Health Secretary Wes Streeting described the move as “preposterous” and accused the BMA of “blocking a better deal for doctors”.

Resident doctors, previously named junior doctors, make up around half of all doctors in the NHS.

“Nobody for one minute underestimates the scale of the problems posed by long delays including corridor care, alongside financial pressures and a relentless increase in demand,” continued Mr Elkeles during the opening address at the Manchester event this morning.

“And it’s clear that progress is uneven. Some trusts, mainly district general hospitals – through no fault of their own – have a bigger and steeper hill to climb.

“More staff walkouts would trample on these hard-won gains, at a terrible cost.”

The chief executive, who runs the NHS Providers membership organisation for the NHS hospital, mental health, community and ambulance services, said it’s not just resident doctors who are dissatisfied.

He said the government’s upcoming 10-year workforce plan for the NHS needs a ‘actually a whole reset on pay, benefits and pensions for every group of staff in the NHS’.

“Let’s face it, it’s not just resident doctors who are dissatisfied currently,

“There are plenty of other staff groups whose unions are making a forceful case for a better deal and it feels that this year’s pay round is going to bring these to a head.”

Dr Jack Fletcher, chairman of the BMA’s resident doctors committee (RDC), said: “This is not where we wanted to be.

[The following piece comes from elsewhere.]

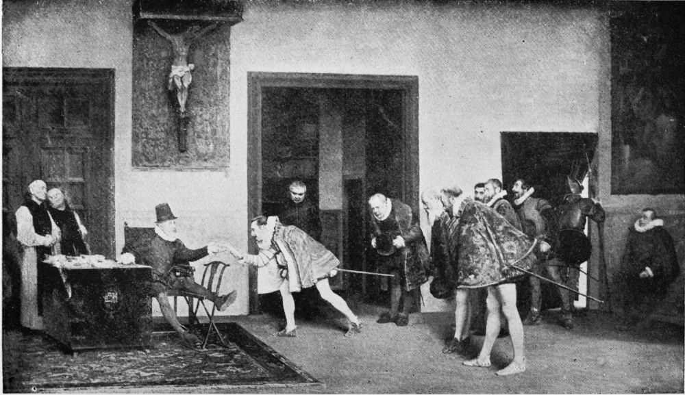 So died the Founder of the Escorial, and the initiator of the great work which the Spanish people claimed as one of the chief wonders of the world. He had lived to see the realisation of his desire. Year by year he had watched the development of his plans, the building of the monastery, the uplifting of the church, and the establishment of a court and a college in this remote Castilian highland. The hours of his retirement had been devoted to the gratification of his taste in the arts, to contemplation, and to penance. Like Solomon, he had surrounded himself with objects of priceless worth, and he passed his days in an atmosphere of beauty. Æsthetic, and at the same time ascetic, Philip seemed possessed of a dual nature in which rival forces constantly contended. If his mind was marked by gloom, it was relieved by his passion for art and by his love of the simple pleasures{17} of a country life. Nor was the king apparently devoid of a capacity for enjoying occasionally the conventional gaieties of life, for among his numerous retinue, he maintained a fool, or royal jester, one Miguel D’Antona, a grotesque dwarf, with an ugly, humorous countenance.

“We have spent the last week in talks with Government, pressing the Health Secretary to end the scandal of doctors going unemployed.

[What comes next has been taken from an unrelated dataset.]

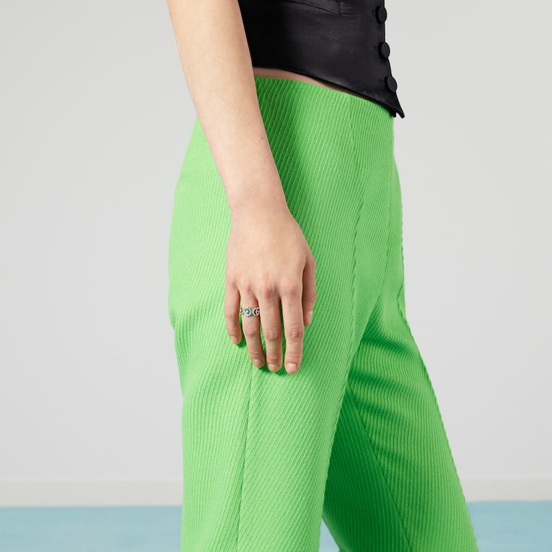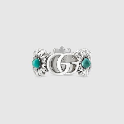 An archival reprisal of the House's signature emblem, the Double G motifs appear on a 925 sterling silver ring, separated by flowers with colored stones at the center.

“We know from our own survey half of second year doctors in England are struggling to find jobs, their skills going to waste whilst millions of patients wait endlessly for treatment, and shifts in hospitals go unfilled. This is a situation which cannot go on.

“We talked with the Government in good faith – keen for the Health Secretary to see that a deal that included options to gradually reverse the cuts to pay over several years, giving newly trained doctors a pay increase of just a pound an hour for the next four years.

“We hoped the Government would see that our asks are not just reasonable but are in the best interests of the public and our patients, and would also help stop our doctors leaving the NHS.

“Better employment prospects and restoring pay are a credible way forward that would work for doctors, work for Government, and work for our patients.

“The Health Secretary’s 11th hour letter to us today makes vague promises for some degree of change to jobs and training for two years hence, showing little understanding of the crisis here and now, or a real commitment to fix it.

“While we want to get a deal done, the Government seemingly does not, leaving us with little option but to call for strike action.”

Mr Streeting said the walkouts are “unreasonable and unnecessary” and “do not have the public’s support, nor did a majority of resident doctors vote for them”.

Health Secretary Wes Streeting (Image: PA)

He added: “It is preposterous that the BMA have rushed headlong into more damaging strike action a week after its new leadership opened discussions with the Government.

“After resident doctors have received a 28.9% pay rise, the Government has been clear that we simply cannot go further on pay this year.

“But by walking out on strike, the BMA are walking away from an offer to improve resident doctors’ working conditions and create more specialty training roles to progress their careers. The BMA are blocking a better deal for doctors.

The Health Secretary also warned that “the BMA’s reckless posturing will harm patients, leave other doctors and NHS staff to pick up the pieces and divert resources away from rebuilding the NHS”.

“We will not allow the BMA to wreck the NHS’s recovery,” he said.

“I urge the BMA to call off these needless strikes and come back to the table. They have a Government that wants to work with them to improve the working lives of resident doctors and create an NHS fit for the future.”

Resident doctors have anywhere up to eight years’ experience working as a hospital doctor, depending on their specialty, or up to three years in general practice.